ASSIGNED TASK: Reproduce the listing exactly. Omit pictures.

┌──

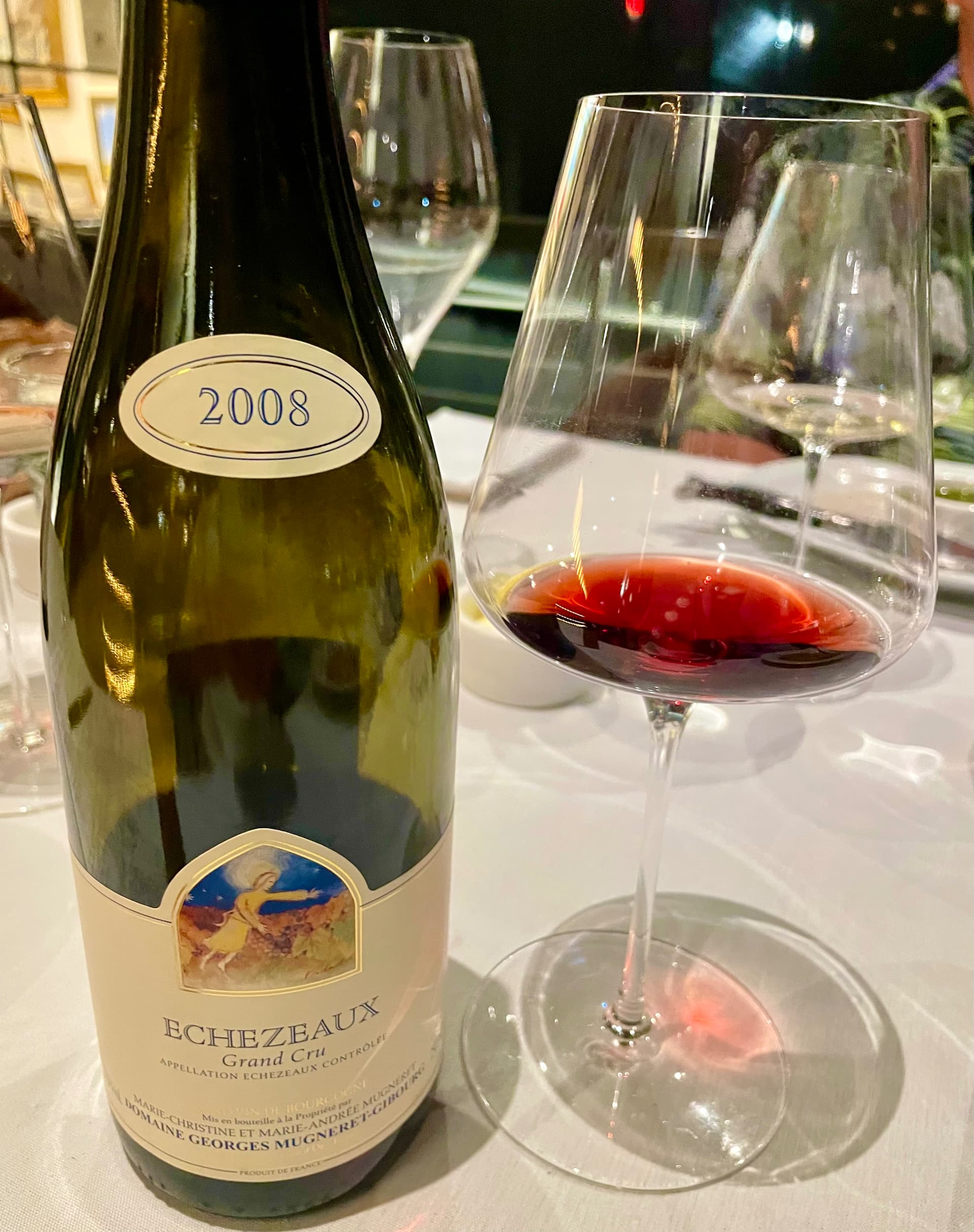 2008 DOMAINE GEORGES MUGNERET-GIBOURG ECHEZEAUX GRAND CRU- blind; following its medium red purple color came mild aromas of spice and pepper laden delicious red cherry which became much more expressed on the palate; although it was on the mellow side, it had enough stuff to impress while maintaining a stately, elegant profile; I had it as a 2005 red Burgundy, thinking it was from Domaine Groffier Les Hauts Chambolle-Musigny as I recalled similar accented red cherry fruit and elegance. The 3 of us did get it a a red Burg.
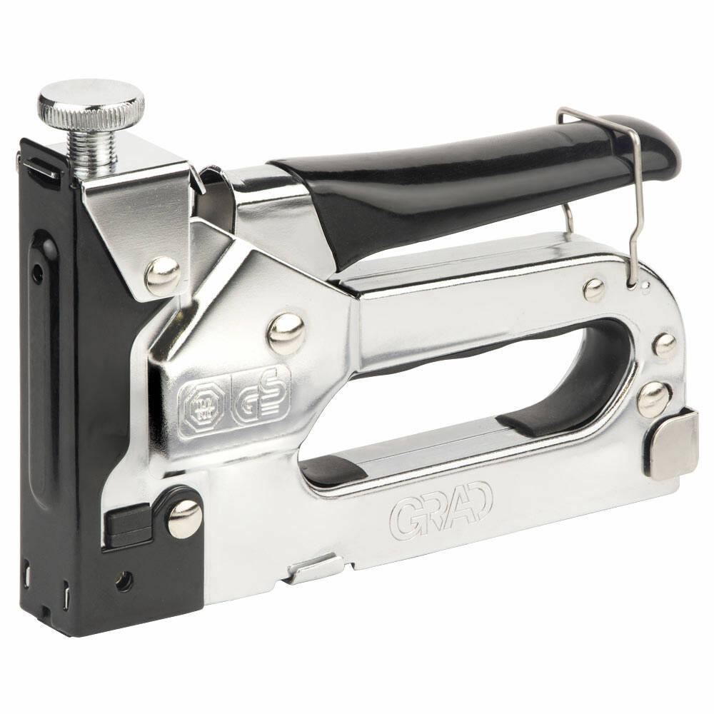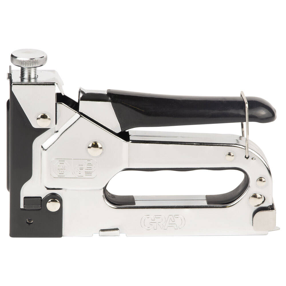 Степлер з регулятором для скоб 4-14мм (хром) GRAD (2821125) створений для прискорення і спрощення монтажних, покрівельних і оббивних робіт. Призначений для швидкого кріплення листового матеріалу (оргаліту, фанери, ДСП, ДВП, плівки, утеплювача) до основи.
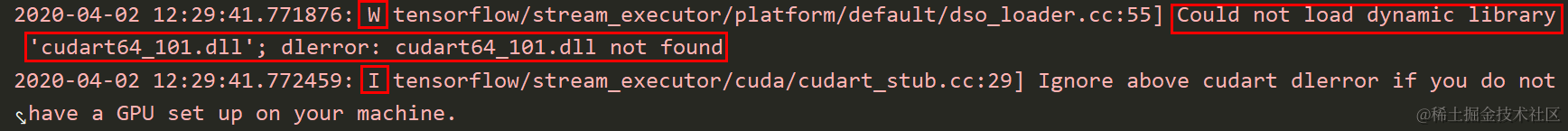 在以前的TensorFlow版本中,找不到CUDA库会发出错误并引发异常,而现在该库会从动力学上搜索正确的CUDA版本,如果找不到,则会发出警告(开头的W代表对于警告,错误以E(或F表示致命错误)并退回到仅CPU模式。实际上,警告之后,错误消息也作为信息消息写在日志中(请注意,如果警告级别更高,最低日志级别(默认值,您可能看不到信息消息)
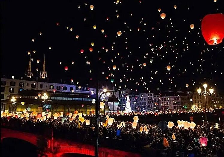 Las localidades de Iparralde están ya iluminadas y son muchas las que tienen en marcha ya sus mercados navideños. Destaca el programa de Baiona con sus farolillos que iluminan la noche. Y además este es el último año que se podrán ver ya que a partir del año que viene se cancelará este evento por motivos de medio ambiente y seguridad. Las dos sesiones previstas para este año serán este sábado, 9 de diciembre y el siguiente, 16 de diciembre. El día 9 se soltarán farolillos multicolores sobre un tema de dibujos animados y el día 16, los farolillos serán blancos con un tema musical tradicional. Para conseguir las linternas hay que acercarse a Carreau des Halles (plaza al lado del mercado) para obtener una linterna.
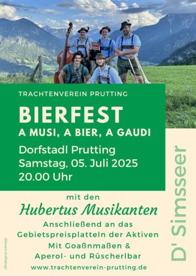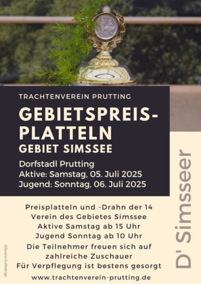 Unterteilt in jeweils zwei Gruppen – entscheidend ist das Geburtsdatum – und bei den Buam noch zusätzlich die „Buam Altersgruppe“ kämpfen sie um die besten Plätze. Hinzu kommen noch vier Gruppen, die im Gruppenwettbewerb mit jeweils vier Paaren um die Siegerplätze kämpfen. Anschließend lädt der Trachtenverein Prutting zum Bierfest ein, bei dem ab 20:00 Uhr die „Hubertus Musikanten“ für beste Stimmung sorgen. Am darauffolgenden Sonntag ist der Nachwuchs des 14-Vereine starken Gebiets an der Reihe. Ab 10:00 Uhr heißt es für 193 Dirndl und Buam und zusätzlich fünf Jugendgruppen Nervenstärke beweisen und das erlernte umsetzen. Erfreut zeigt sich Gebietsvertreter Hans März, der von steigenden Anmeldezahlen gegenüber den Vorjahren berichtet. Gemeinsam haben die Vereinsvertreter bei der letzten Gebietsversammlung beschlossen, eine 2-tägige Veranstaltung mit einem ansprechenden Abendprogramm am Samstag anzubieten. „Wenn auch beim Platteln, Drahn und Tanzen um jeden Punkt gekämpft wird, am Ende sind wir alle Teil einer großen Gemeinschaft und ich freue mich auf alle Teilnehmer, die Musikanten, Gäste und Zuschauer“, so März, der mit dem Gebiet Simssee eines der acht Gebiete im Gautrachtenverband I vertritt.
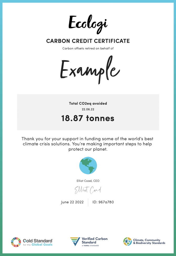 Certificates are available on-demand for the total carbon avoidance funded by your Ecologi account.
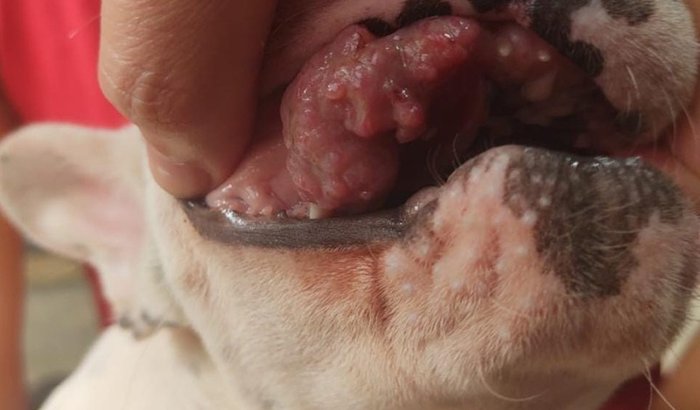 Com apenas 4 meses já está passando por tanto… um tumor enorme na boca que inclusive está dificultando a alimentação.

└──

SOLUTION TO THIS EXERCISE:
 2008 DOMAINE GEORGES MUGNERET-GIBOURG ECHEZEAUX GRAND CRU- blind; following its medium red purple color came mild aromas of spice and pepper laden delicious red cherry which became much more expressed on the palate; although it was on the mellow side, it had enough stuff to impress while maintaining a stately, elegant profile; I had it as a 2005 red Burgundy, thinking it was from Domaine Groffier Les Hauts Chambolle-Musigny as I recalled similar accented red cherry fruit and elegance. The 3 of us did get it a a red Burg.
 Степлер з регулятором для скоб 4-14мм (хром) GRAD (2821125) створений для прискорення і спрощення монтажних, покрівельних і оббивних робіт. Призначений для швидкого кріплення листового матеріалу (оргаліту, фанери, ДСП, ДВП, плівки, утеплювача) до основи.
 在以前的TensorFlow版本中,找不到CUDA库会发出错误并引发异常,而现在该库会从动力学上搜索正确的CUDA版本,如果找不到,则会发出警告(开头的W代表对于警告,错误以E(或F表示致命错误)并退回到仅CPU模式。实际上,警告之后,错误消息也作为信息消息写在日志中(请注意,如果警告级别更高,最低日志级别(默认值,您可能看不到信息消息)
 Las localidades de Iparralde están ya iluminadas y son muchas las que tienen en marcha ya sus mercados navideños. Destaca el programa de Baiona con sus farolillos que iluminan la noche. Y además este es el último año que se podrán ver ya que a partir del año que viene se cancelará este evento por motivos de medio ambiente y seguridad. Las dos sesiones previstas para este año serán este sábado, 9 de diciembre y el siguiente, 16 de diciembre. El día 9 se soltarán farolillos multicolores sobre un tema de dibujos animados y el día 16, los farolillos serán blancos con un tema musical tradicional. Para conseguir las linternas hay que acercarse a Carreau des Halles (plaza al lado del mercado) para obtener una linterna.
 Unterteilt in jeweils zwei Gruppen – entscheidend ist das Geburtsdatum – und bei den Buam noch zusätzlich die „Buam Altersgruppe“ kämpfen sie um die besten Plätze. Hinzu kommen noch vier Gruppen, die im Gruppenwettbewerb mit jeweils vier Paaren um die Siegerplätze kämpfen. Anschließend lädt der Trachtenverein Prutting zum Bierfest ein, bei dem ab 20:00 Uhr die „Hubertus Musikanten“ für beste Stimmung sorgen. Am darauffolgenden Sonntag ist der Nachwuchs des 14-Vereine starken Gebiets an der Reihe. Ab 10:00 Uhr heißt es für 193 Dirndl und Buam und zusätzlich fünf Jugendgruppen Nervenstärke beweisen und das erlernte umsetzen. Erfreut zeigt sich Gebietsvertreter Hans März, der von steigenden Anmeldezahlen gegenüber den Vorjahren berichtet. Gemeinsam haben die Vereinsvertreter bei der letzten Gebietsversammlung beschlossen, eine 2-tägige Veranstaltung mit einem ansprechenden Abendprogramm am Samstag anzubieten. „Wenn auch beim Platteln, Drahn und Tanzen um jeden Punkt gekämpft wird, am Ende sind wir alle Teil einer großen Gemeinschaft und ich freue mich auf alle Teilnehmer, die Musikanten, Gäste und Zuschauer“, so März, der mit dem Gebiet Simssee eines der acht Gebiete im Gautrachtenverband I vertritt.
 Certificates are available on-demand for the total carbon avoidance funded by your Ecologi account.
 Com apenas 4 meses já está passando por tanto… um tumor enorme na boca que inclusive está dificultando a alimentação.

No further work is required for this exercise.